4.    METHOD OF PAYMENT. You may always pay the Option exercise price in cash or by check, bank draft or money order. At the sole discretion of the Company at the time of exercise, you may be permitted to pay the Option exercise price pursuant to another payment method permitted by the Plan, subject to the restrictions specified in the Plan.

5.    WHOLE SHARES. You may exercise your option only for whole shares of Common Stock.

6.    TERM. You may not exercise your option before the Date of Grant or after the expiration of the option’s term. Except as set forth in your Grant Notice, the term of your option expires, subject to the provisions of Section 5 of the Plan, upon the earliest of the following:

(a)    immediately upon the termination of your Continuous Service for Cause;

(b)    three (3) months after the termination of your Continuous Service for any reason other than Cause, Disability or death;

(c)    12 months after the termination of your Continuous Service due to your Disability;

(d)    18 months after your death if you die either during your Continuous Service (or during the periods provided in clauses (b) and (c) above);

(e)    the Expiration Date indicated in your Grant Notice; or

(f)    the day before the 10th anniversary of the Date of Grant.

Notwithstanding the foregoing, your option may also be terminated earlier in connection with a Corporate Transaction, as provided in the Plan.

If your option is an Incentive Stock Option, note that to obtain the federal income tax advantages associated with an Incentive Stock Option, the Code requires that at all times beginning on the Date of Grant and ending on the day three months before the date of your option’s exercise, you must be an employee of the Company or an Affiliate, except in the event of your death or Disability. The Company has provided for extended exercisability of your option under certain circumstances for your benefit but cannot guarantee that your option will necessarily be treated as an Incentive Stock Option if you continue to provide services to the Company or an Affiliate as a Consultant or Director after your employment terminates or if you otherwise exercise your option more than three months after the date your employment with the Company or an Affiliate terminates.

7.    TRANSFERABILITY. Except as otherwise provided in the Plan, your option is not transferable, except by will or by the laws of descent and distribution, and is exercisable during your life only by you.

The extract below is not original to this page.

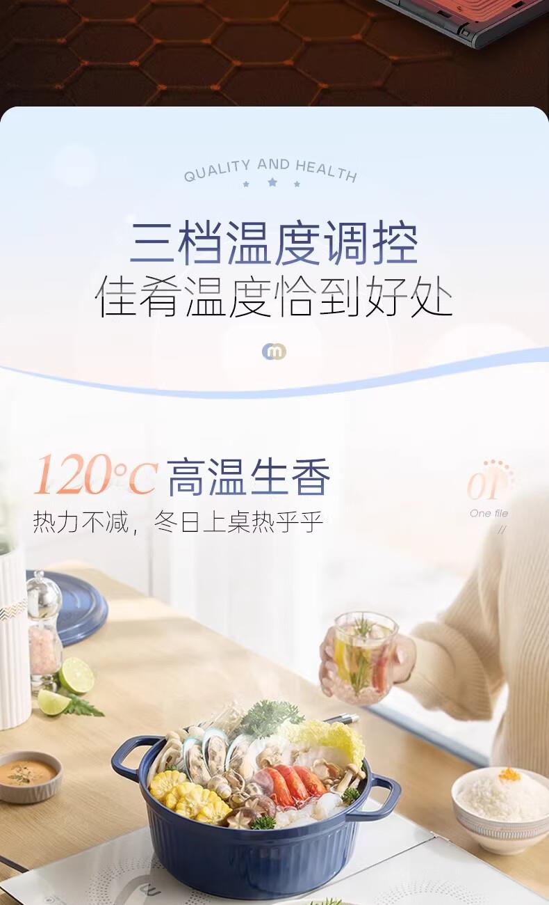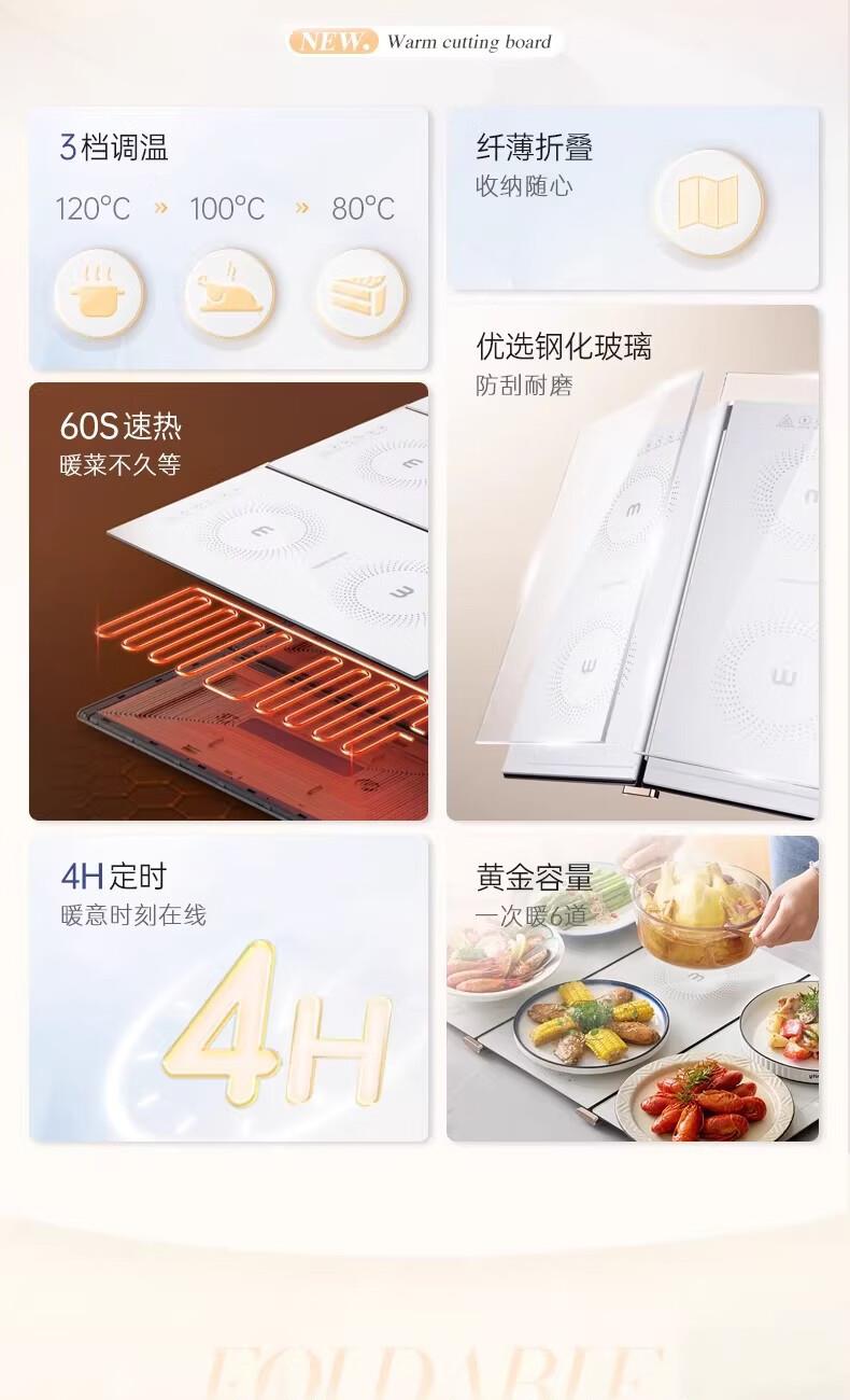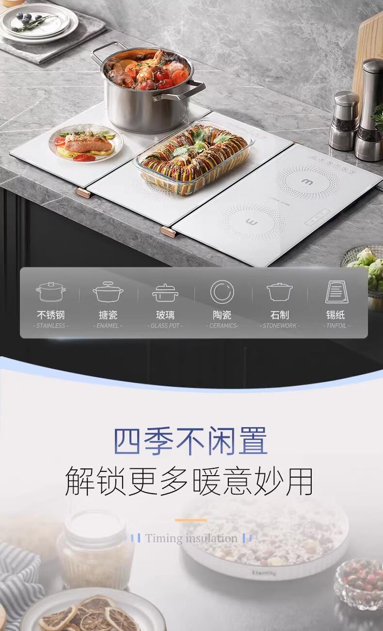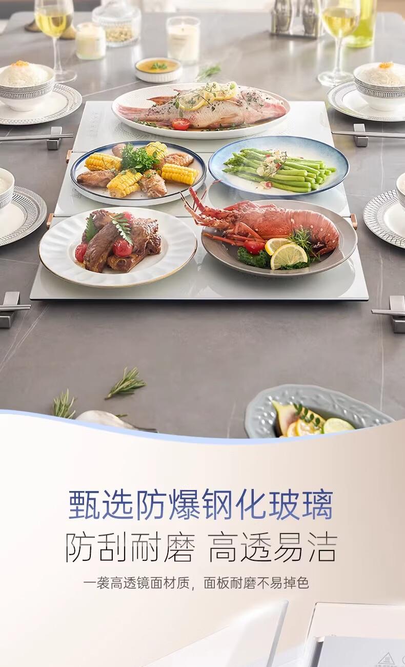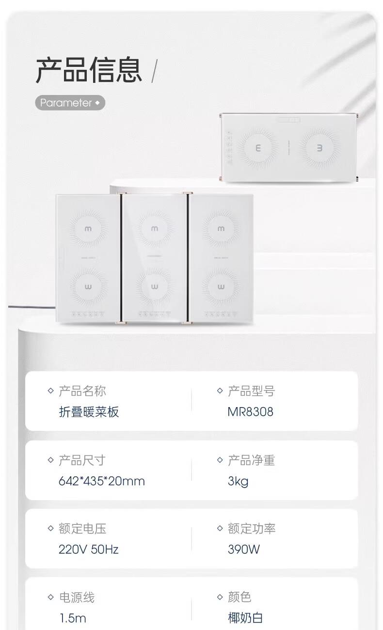 功率:暖菜390W 重量:3.5kg 装 箱数:1台 /箱 产品尺寸:642*435*20 外箱尺寸:270*138*513 颜色:白色

8.    MARKET STAND-OFF. By exercising your option you agree that you will not sell, dispose of, transfer, make any short sale of, grant any option for the purchase of, or enter into any hedging or similar transaction with the same economic effect as a sale with respect to any shares of Common Stock or other securities of the Company held by you, for a period of 180 days following the effective

 

2.


date of a registration statement of the Company filed under the Securities Act or such longer period as the underwriters or the Company will request to facilitate compliance with FINRA Rule 2711 or NYSE Member Rule 472 or any successor or similar rules or regulation(the “Lock-Up Period”); provided, however, that nothing contained in this section will prevent the exercise of a repurchase option, if any, in favor of the Company during the Lock-Up Period. You further agree to execute and deliver such other agreements as may be reasonably requested by the Company or the underwriters that are consistent with the foregoing or that are necessary to give further effect thereto. In order to enforce the foregoing covenant, the Company may impose stop-transfer instructions with respect to your shares of Common Stock until the end of such period. You also agree that any transferee of any shares of Common Stock (or other securities) of the Company held by you will be bound by this section. The underwriters of the Company’s stock are intended third party beneficiaries of this section and will have the right, power and authority to enforce the provisions hereof as though they were a party hereto.

9.    RIGHT OF FIRST REFUSAL. Shares of Common Stock that you acquire upon exercise of your option are subject to any right of first refusal that may be described in the Company’s bylaws in effect at such time the Company elects to exercise its right; provided, however, that if there is no right of first refusal described in the Company’s bylaws at such time, the right of first refusal described below will apply. The Company’s right of first refusal will expire on the first date upon which any security of the Company is listed (or approved for listing) upon notice of issuance on a national securities exchange or quotation system (the “Listing Date”).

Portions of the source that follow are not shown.